2006-10-11 09:15:53

by Chandru

[permalink] [raw]
Subject: [RFC]: Possible race condition on an SMP between proc_lookupfd and tasks on other cpus

Hi All,
I am running a RHEL5 distro kernel ( which seems to be quite close to
Vannilla kernel ) and am having a problem on one of my system
(PPC64). The system crashes ( goes in to xmon ) every now and then
while running TCP stress tests on the system.

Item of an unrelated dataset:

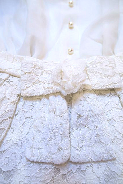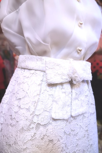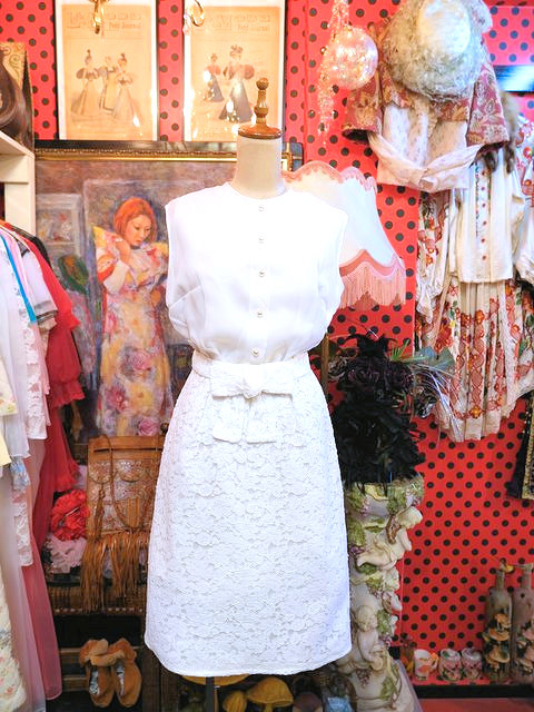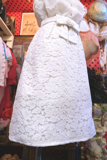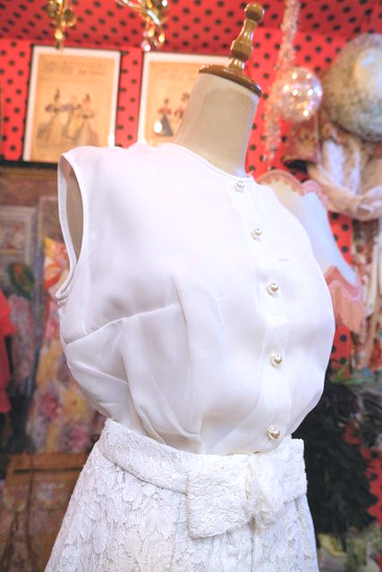 ふんわり軽やかなシフォントップスにエレガントな花柄レース×リボンデザインが魅力的な1960~70年代頃のヨーロピアンヴィンテージワンピース パールボタンがお洒落ポイント!

The following is the
backtrace and exception information ( from distro kernel, which might be
of very little help).

f:mon> e
cpu 0xf: Vector: 300 (Data Access) at [c0000000eaa1b490]
pc: c0000000001351e0: .tid_fd_revalidate+0x64/0x220
lr: c0000000001351cc: .tid_fd_revalidate+0x50/0x220
sp: c0000000eaa1b710
msr: 8000000000009032
dar: 6b6b6b6b6b6b6b6b
dsisr: 40000000
current = 0xc0000001182864f0
paca = 0xc000000000456300
pid = 24558, comm = netstat
f:mon> t
[c0000000eaa1b7b0] c000000000138118 .proc_lookupfd+0x17c/0x21c
[c0000000eaa1b860] c0000000000f359c .do_lookup+0x108/0x268
[c0000000eaa1b920] c0000000000f65f8 .__link_path_walk+0xc58/0x1364
[c0000000eaa1ba00] c0000000000f6da0 .link_path_walk+0x9c/0x184
[c0000000eaa1bb40] c0000000000f7364 .do_path_lookup+0x304/0x398
[c0000000eaa1bbf0] c0000000000f7db8 .__user_walk_fd+0x58/0x88
[c0000000eaa1bc90] c0000000000edcdc .sys_readlinkat+0x44/0x130
[c0000000eaa1bdc0] c000000000016784 .compat_sys_readlink+0x14/0x28
[c0000000eaa1be30] c00000000000871c syscall_exit+0x0/0x40


From code analysis ( vannilla and distro kernel), it looks like there
can exist a small time window between

spin_unlock(&files->file_lock) in proc_fd_instantiate()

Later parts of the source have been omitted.